**What you have to do**
Within the entries below, please retype exactly the lines starting with the line that has "在一處廢墟上,村里的黨員干部" and going on through the line that has "王朝霞期末过课本——6 11", but not the pictures.
*** Opening Dataset extract ***
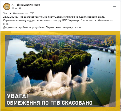 — Графіки погодинних відключень 26 грудня застосовуватись не будуть, окрім споживачів Козятинського вузла, — написали у Вінницяобленерго
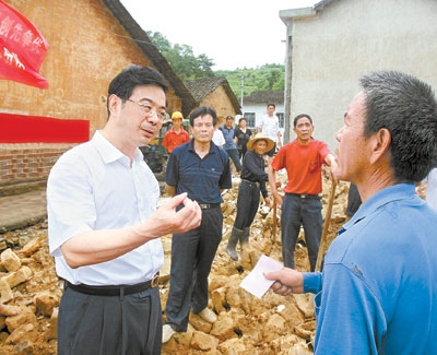 在一處廢墟上,村里的黨員干部正帶領(lǐng)村民們幫助倒房戶清理倒塌的房屋。周強(qiáng)走到大伙中間,同大家詳細(xì)交談,充分肯定農(nóng)村基層黨支部和廣大黨員在抗洪搶險(xiǎn)和災(zāi)后重建中發(fā)揮的突出作用,同大家一道商量如何帶領(lǐng)受災(zāi)群眾,盡快開展災(zāi)后重建、救災(zāi)補(bǔ)損。一位老支書說,村里水利基礎(chǔ)設(shè)施在洪水中損毀嚴(yán)重,這一塊應(yīng)該是災(zāi)后重建的重點(diǎn)。周強(qiáng)立刻接過話頭說,我們想到一塊了。
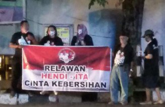 Meski malam itu hujan gerimis, tidak menyurutkan para relawan SERANG untuk terus mensosialisasikan kepada masyarakat agar hadir di TPS dan coblos Hendi-Ita.
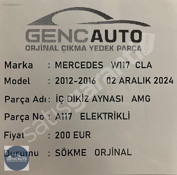 | Çıkma Yedek Parça | Evet |
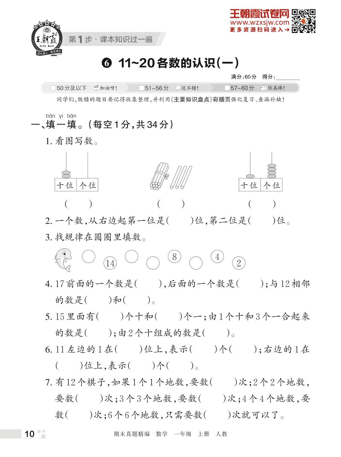 王朝霞期末过课本——6 11~20各数的认识(一)一年级上册数学(人教版)_R221128170327280
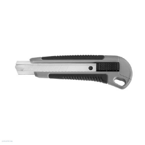Könnyű műanyag testű kés ergonómikus formájú lágy fogantyúval. 18 mm-es pengével. Szürke/fekete színű. 5 év garancia .
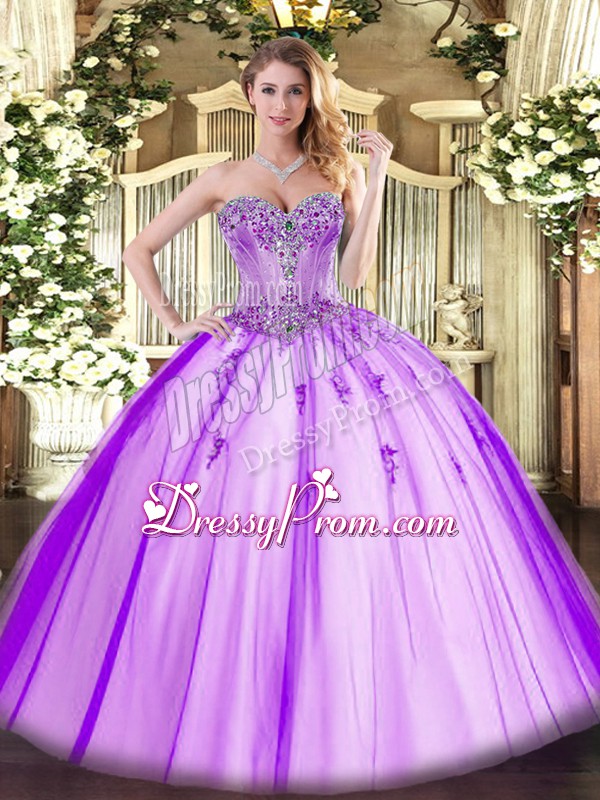 Neckline : SweetheartShown Color : LavenderSilhouette : Ball GownsSleeve Length : sleevelessHemline : floor lengthBack Detail : Lace upFabric : TulleEmbellishment : Beading,AppliquesOccasion : Sweet 16,QuinceaneraSeason : Spring,Summer,Fall,Winter
*** Closing Dataset extract ***
**Response to this exercise**
 在一處廢墟上,村里的黨員干部正帶領(lǐng)村民們幫助倒房戶清理倒塌的房屋。周強(qiáng)走到大伙中間,同大家詳細(xì)交談,充分肯定農(nóng)村基層黨支部和廣大黨員在抗洪搶險(xiǎn)和災(zāi)后重建中發(fā)揮的突出作用,同大家一道商量如何帶領(lǐng)受災(zāi)群眾,盡快開展災(zāi)后重建、救災(zāi)補(bǔ)損。一位老支書說,村里水利基礎(chǔ)設(shè)施在洪水中損毀嚴(yán)重,這一塊應(yīng)該是災(zāi)后重建的重點(diǎn)。周強(qiáng)立刻接過話頭說,我們想到一塊了。
 Meski malam itu hujan gerimis, tidak menyurutkan para relawan SERANG untuk terus mensosialisasikan kepada masyarakat agar hadir di TPS dan coblos Hendi-Ita.
 | Çıkma Yedek Parça | Evet |
 王朝霞期末过课本——6 11~20各数的认识(一)一年级上册数学(人教版)_R221128170327280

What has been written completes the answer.